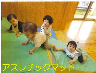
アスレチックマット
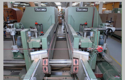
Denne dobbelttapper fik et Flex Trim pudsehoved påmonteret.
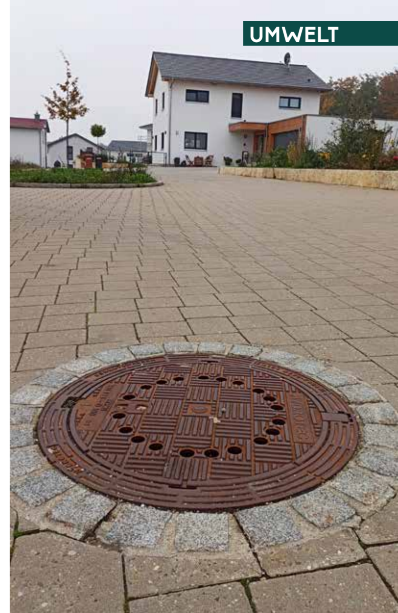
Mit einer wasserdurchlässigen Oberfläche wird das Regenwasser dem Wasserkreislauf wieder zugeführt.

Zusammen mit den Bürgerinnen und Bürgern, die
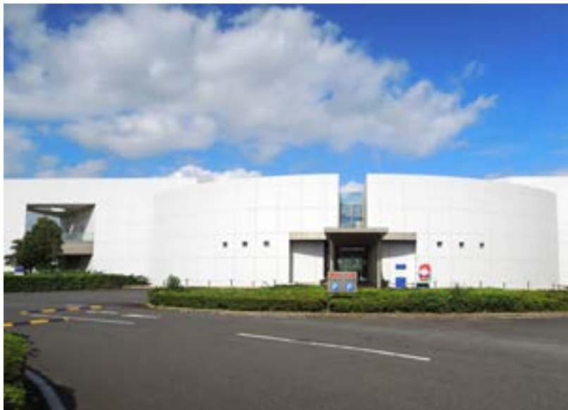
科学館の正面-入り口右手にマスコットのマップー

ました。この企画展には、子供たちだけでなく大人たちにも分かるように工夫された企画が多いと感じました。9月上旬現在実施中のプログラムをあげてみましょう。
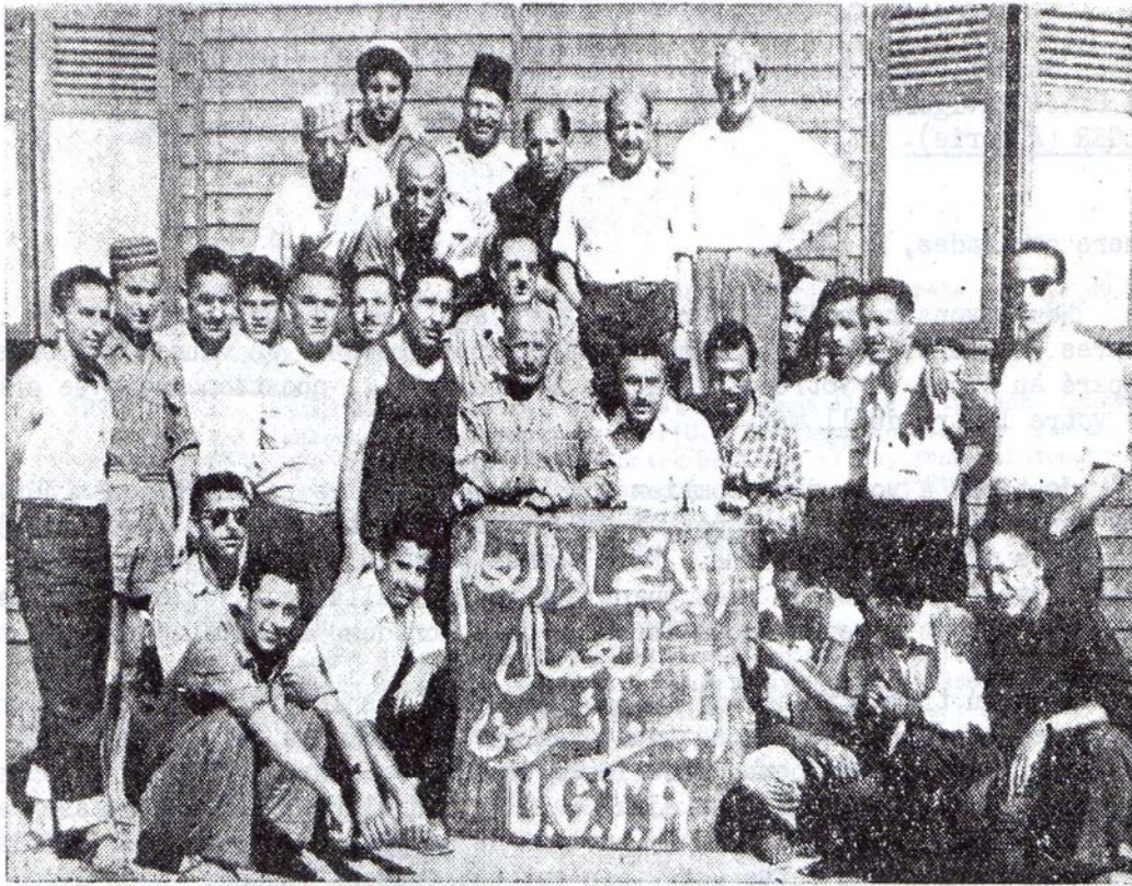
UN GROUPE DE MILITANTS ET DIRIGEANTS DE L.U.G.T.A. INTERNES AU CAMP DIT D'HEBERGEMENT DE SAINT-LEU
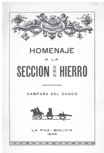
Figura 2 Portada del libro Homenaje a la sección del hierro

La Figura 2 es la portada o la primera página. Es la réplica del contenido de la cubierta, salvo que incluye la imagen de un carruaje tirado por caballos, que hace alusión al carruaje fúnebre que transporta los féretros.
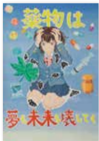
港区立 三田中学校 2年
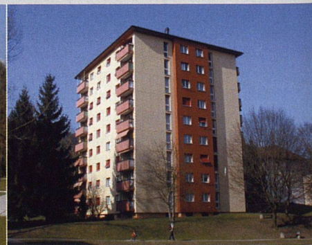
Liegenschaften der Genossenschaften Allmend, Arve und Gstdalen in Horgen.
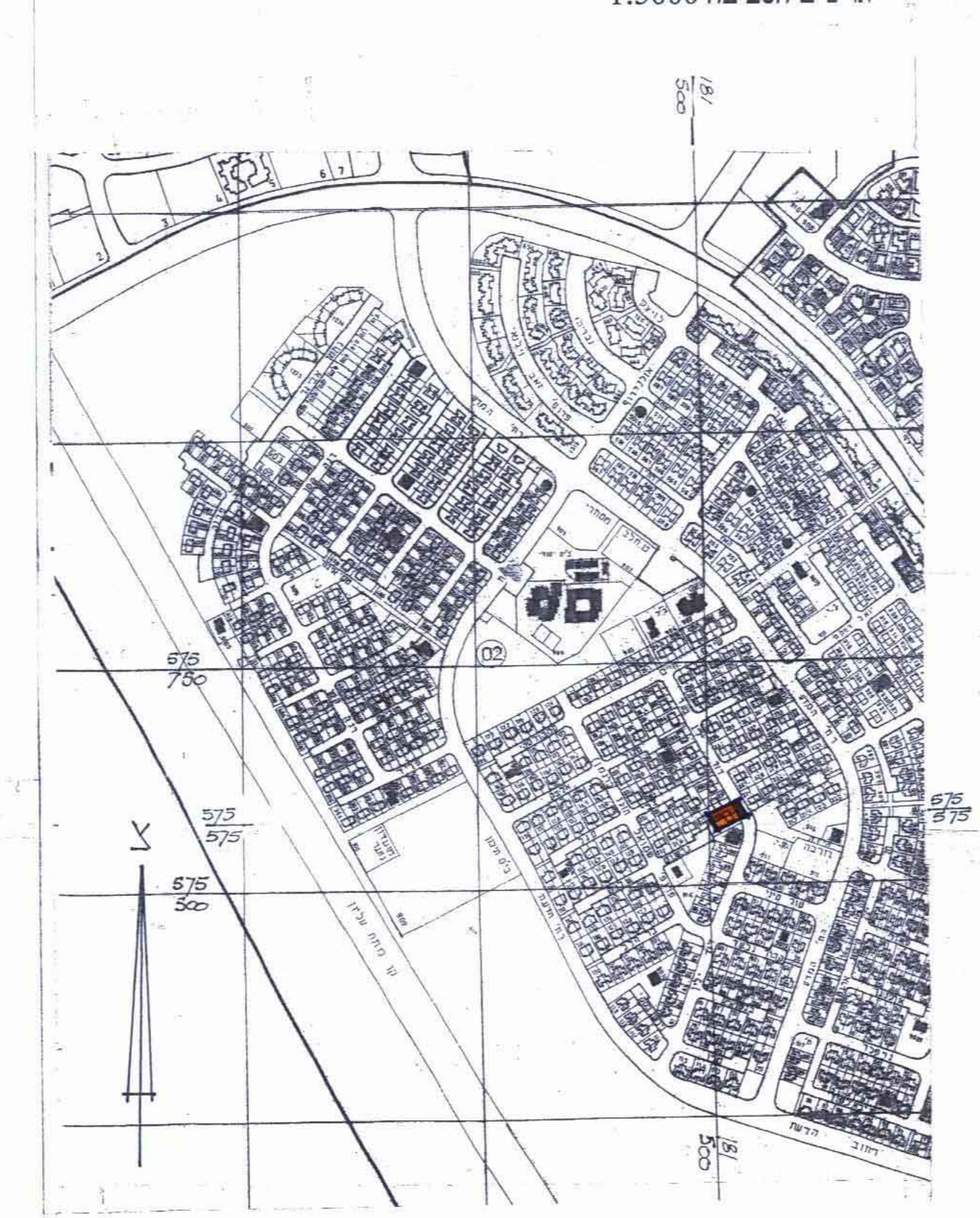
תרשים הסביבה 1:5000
■ ■ ■ ■
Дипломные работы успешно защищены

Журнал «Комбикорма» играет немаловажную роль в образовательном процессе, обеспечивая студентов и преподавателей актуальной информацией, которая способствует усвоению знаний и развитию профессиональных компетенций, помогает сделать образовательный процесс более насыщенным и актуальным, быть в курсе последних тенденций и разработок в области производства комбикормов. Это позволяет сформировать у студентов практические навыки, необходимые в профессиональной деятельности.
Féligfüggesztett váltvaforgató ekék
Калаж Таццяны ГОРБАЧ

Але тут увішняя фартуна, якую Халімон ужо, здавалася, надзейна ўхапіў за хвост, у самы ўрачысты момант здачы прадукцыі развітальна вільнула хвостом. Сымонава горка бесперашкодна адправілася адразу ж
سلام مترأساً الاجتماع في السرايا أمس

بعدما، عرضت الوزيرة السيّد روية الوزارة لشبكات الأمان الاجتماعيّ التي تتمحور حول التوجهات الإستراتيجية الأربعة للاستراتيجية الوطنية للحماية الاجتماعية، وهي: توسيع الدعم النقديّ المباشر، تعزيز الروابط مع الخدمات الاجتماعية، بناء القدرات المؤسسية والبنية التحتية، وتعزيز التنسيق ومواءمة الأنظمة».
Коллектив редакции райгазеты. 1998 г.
■ ■ ■ ■
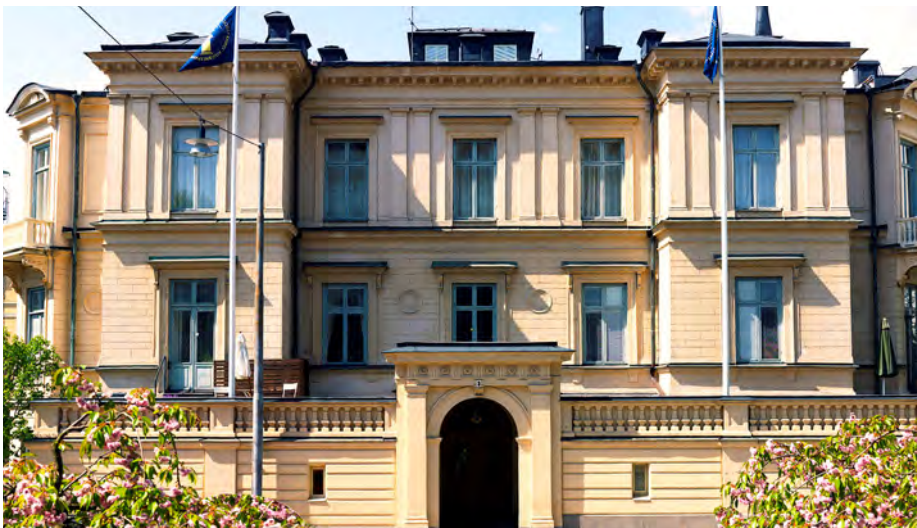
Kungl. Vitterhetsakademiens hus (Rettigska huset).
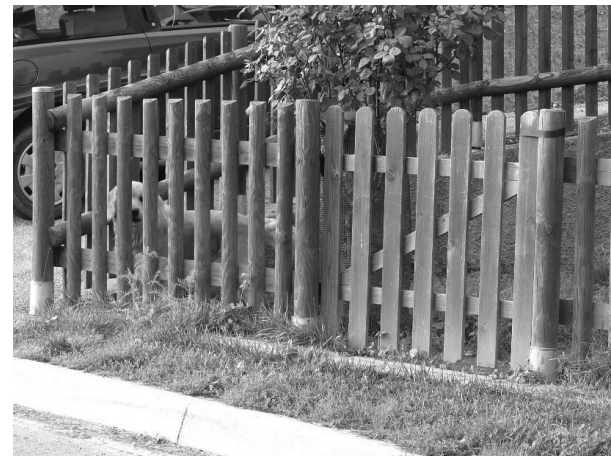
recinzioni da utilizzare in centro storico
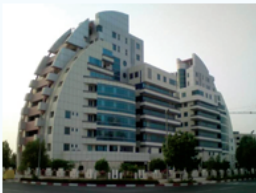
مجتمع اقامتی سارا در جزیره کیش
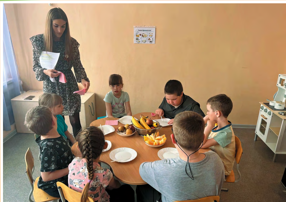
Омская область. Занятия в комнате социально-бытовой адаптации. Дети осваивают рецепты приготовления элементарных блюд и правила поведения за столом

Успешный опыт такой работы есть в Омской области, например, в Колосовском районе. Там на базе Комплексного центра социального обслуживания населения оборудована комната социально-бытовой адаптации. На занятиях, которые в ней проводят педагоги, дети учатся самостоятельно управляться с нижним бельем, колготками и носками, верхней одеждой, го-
■ ■ ■ ■
Among the lines above, find those with the string "адаптации" and copy them.

Омская область. Занятия в комнате социально-бытовой адаптации. Дети осваивают рецепты приготовления элементарных блюд и правила поведения за столом
Успешный опыт такой работы есть в Омской области, например, в Колосовском районе. Там на базе Комплексного центра социального обслуживания населения оборудована комната социально-бытовой адаптации. На занятиях, которые в ней проводят педагоги, дети учатся самостоятельно управляться с нижним бельем, колготками и носками, верхней одеждой, го-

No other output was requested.